Bir kere daha anladım ki, genç nesiller geçmişin bu büyük kavgasını çok ama çok aşmışlar.,
Onlar için artık başı açık veya örtülü ayırımı diye bir şey yok.
Ayrıca kep başı örtülü kızlara çok yakışıyor.
Tören Hukuk Fakültesini bitiren öğrencilerin diplomalarını alması ile tamamlandı.
Final müthiş oldu.
Çünkü mezun öğrencilere Anayasaya, Adalete, Laikliğe, Sosyal devlete ve İnsan Haklarına bağlılık yemini ettirildi.
Adalet…
Bu yıllarda en çok ihtiyacımız olan şey…
İlgilenenlere bu yeminin tam metnini de veriyorum.
“Aldığım bu Hukuk diplomasının bana kazandırdığı tüm hak ve yetkileri sadece adalet ve doğruluktan yana kullanacağıma, insan haklarını korumak için elimden geleni yapacağıma, insanlık onurunu her şeyin üstünde tutacağıma, yargı etiğine uygun olarak, mesleğimi doğruluk, dürüstlük ve eşitlik ilkelerine bağlı kalarak icra edeceğime, mesleğimin toplum içindeki saygınlığına gölge düşürmeyeceğime, ayrımcılık yapmayacağıma, hukuk dışında bir otorite tanımayacağıma ve hiçbir baskıya boyun eğmeyeceğime, Atatürk İlke ve Devrimleri doğrultusunda laik, sosyal ve demokratik Hukuk devleti ilkelerine sadık kalacağıma namusum ve şerefim üzerine and içerim.’’

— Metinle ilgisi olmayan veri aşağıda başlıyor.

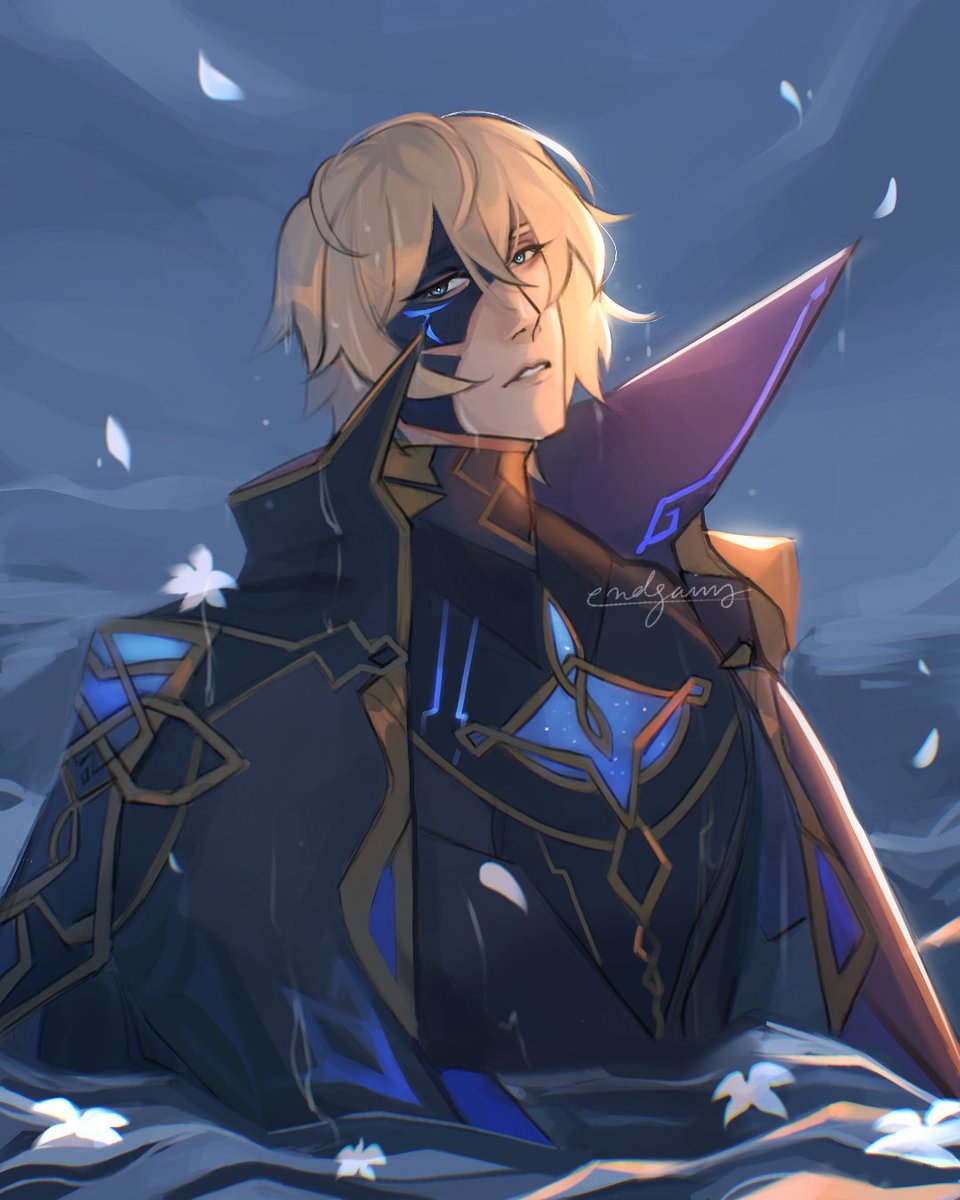 I've gotten really attached to adding water drops/ water aesthetics in my art. They make things so melancholy and dramatic. especially after dain's quest, melancholy and dramatic is just what we need #dainsleif #Genshinlmpact #genshinart #genshinimpactfanart #dain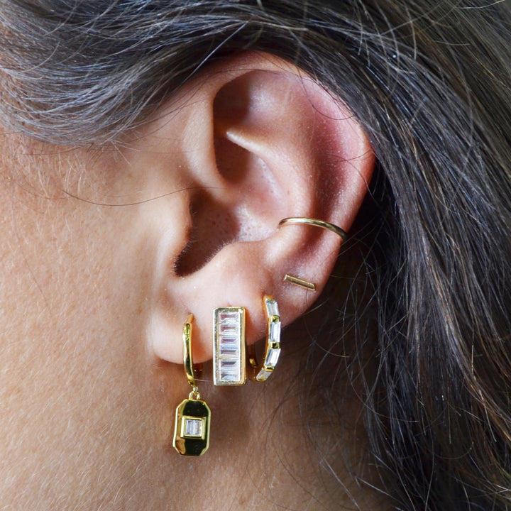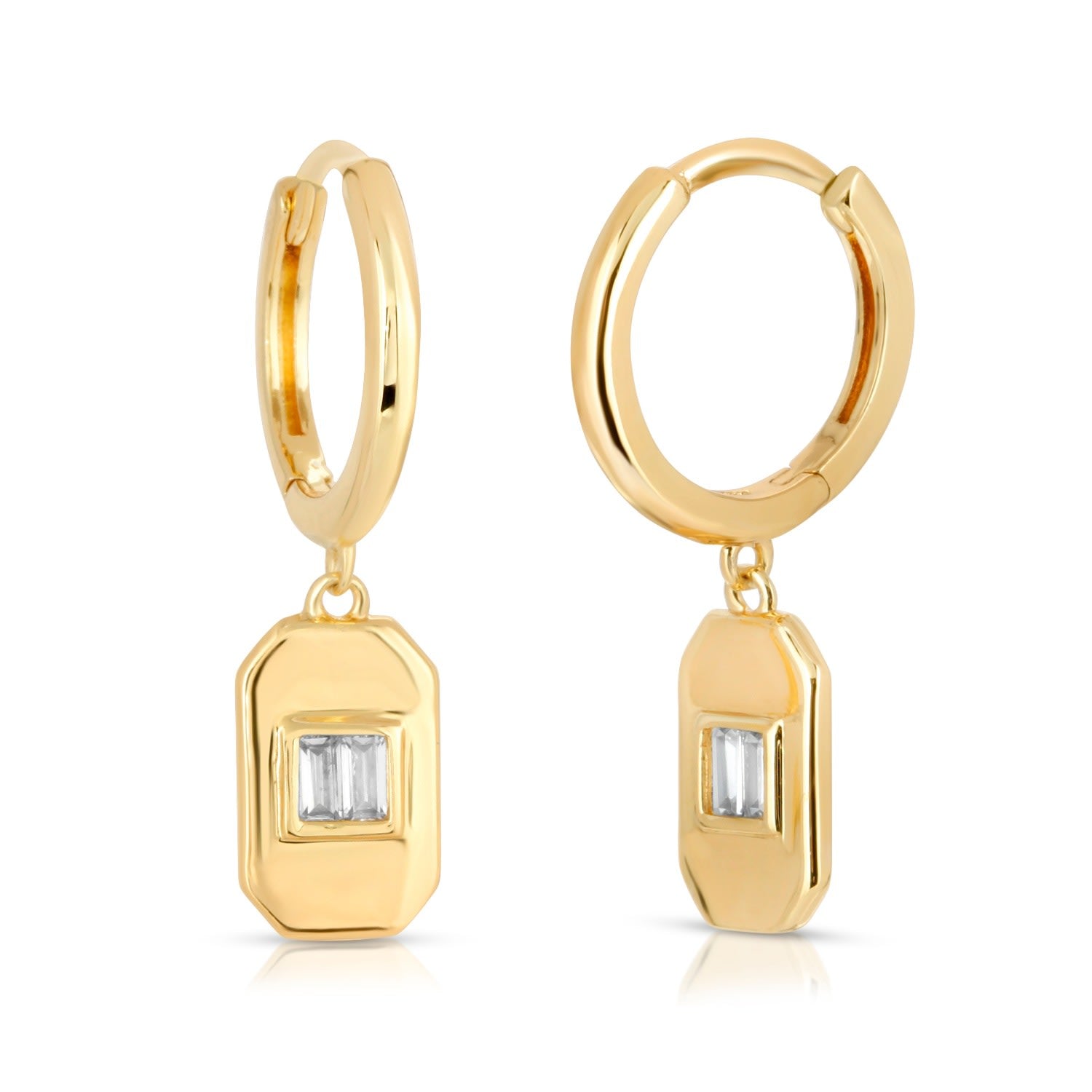 These huggies are crafted from tarnish-resistant, heavy 14K gold over brass and feature a dangling clear baguette cubic zirconia.

Tören için kurulan sahnenin arkasında çok güzel bir dekor vardı.
Burada Atatürk’ün çok güzel bir portresi bulunuyordu.
O yazının altına da Cumhuriyet’in 100’ncü yılı için hazırlanmış bir logo konmuştu.
Tasarımı hazırlayanlar 100 rakamını sonsuz işareti gibi yapmışlardı.
100 rakamındaki ikinci sıfır ise Ayyıldız şeklinde çizilmişti.
Cumhuriyet’in bir yüzyılı ve Ayyıldız sonsuzlukla bütünleşmişti.
O logonun altında ise Atatürk’ün şu sözü yazılıydı:
“Ümidim gençliktedir…”
Törenden ben de işte bu duyguyla ayrıldım.